Rolls-Royce, touchée par la pandémie, espère un ciel plus clair alors que le nouveau patron prend la barre


Rolls-Royce a fait face à sa juste part de turbulences au cours des deux dernières années alors que l’ingénieur aérospatial britannique a failli s’effondrer pendant la pandémie de Covid-19. D’autres bouleversements se profilent à l’horizon avec l’arrivée du nouveau directeur général Tufan Erginbilgic.

Les investisseurs et les analystes s’attendent à ce que le vétéran de l’industrie pétrolière de 63 ans, qui a succédé à Warren East début janvier, lance une revue stratégique parallèlement aux résultats annuels de la société le mois prochain.
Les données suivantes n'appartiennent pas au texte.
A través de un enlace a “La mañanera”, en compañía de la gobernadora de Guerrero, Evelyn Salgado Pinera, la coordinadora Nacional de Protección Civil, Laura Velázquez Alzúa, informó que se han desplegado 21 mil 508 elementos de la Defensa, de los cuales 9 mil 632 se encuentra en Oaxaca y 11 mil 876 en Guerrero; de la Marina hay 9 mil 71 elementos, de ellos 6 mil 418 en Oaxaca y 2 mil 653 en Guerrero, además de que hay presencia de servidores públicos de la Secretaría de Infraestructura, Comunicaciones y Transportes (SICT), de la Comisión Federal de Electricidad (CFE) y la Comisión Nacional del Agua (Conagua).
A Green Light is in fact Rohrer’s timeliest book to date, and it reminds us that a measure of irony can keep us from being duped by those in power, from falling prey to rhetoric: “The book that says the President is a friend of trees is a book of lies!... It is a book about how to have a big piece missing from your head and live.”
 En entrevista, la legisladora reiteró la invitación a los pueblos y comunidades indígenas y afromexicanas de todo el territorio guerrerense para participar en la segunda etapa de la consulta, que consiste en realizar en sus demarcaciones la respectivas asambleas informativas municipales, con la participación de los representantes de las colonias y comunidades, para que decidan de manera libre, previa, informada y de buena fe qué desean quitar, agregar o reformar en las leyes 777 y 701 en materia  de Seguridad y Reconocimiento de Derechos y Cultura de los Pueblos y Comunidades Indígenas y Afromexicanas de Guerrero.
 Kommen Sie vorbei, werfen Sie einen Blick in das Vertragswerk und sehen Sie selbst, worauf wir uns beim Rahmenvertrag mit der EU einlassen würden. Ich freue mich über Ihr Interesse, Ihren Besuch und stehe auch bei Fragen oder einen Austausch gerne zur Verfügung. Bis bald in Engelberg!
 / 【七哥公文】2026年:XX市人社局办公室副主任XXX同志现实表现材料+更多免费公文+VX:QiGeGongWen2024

Rolls-Royce, dont les moteurs civils propulsent certains des plus gros jets du monde pour Airbus et Boeing, a subi un gros coup financier suite à l’échouement des vols pendant la pandémie. East s’est lancé dans un vaste programme de restructuration, comprenant 9 000 suppressions d’emplois, pour économiser 1,3 milliard de livres sterling de coûts, et a dû consolider le bilan du groupe avec 7,3 milliards de livres sterling de nouveaux fonds propres et dettes.

Des progrès ont été réalisés. La société a remboursé 2 milliards de livres sterling de dette, avec environ 4 milliards de livres sterling de l’encours de la dette tirée. Il est en passe d’avoir atteint ses objectifs financiers pour l’année dernière, y compris la génération d’un flux de trésorerie disponible « modérément positif » et une croissance sous-jacente des revenus à un chiffre à mi-chemin, mais il reste encore loin de tirer sur tous les cylindres.

Un moteur Rolls-Royce Trent 700 pour le gros porteur Airbus Beluga XL © Pascal Pavani/AFP via Getty Images

Les investisseurs veulent qu’Erginbilgic, qui s’est forgé une réputation d’opérateur chevronné axé sur la performance et la réduction des coûts dans ses précédents emplois au sein du groupe pétrolier BP, tente de faire de même chez Rolls-Royce. L’amélioration des performances de la division aérospatiale civile, qui génère encore 40 % des revenus sous-jacents du groupe, est essentielle.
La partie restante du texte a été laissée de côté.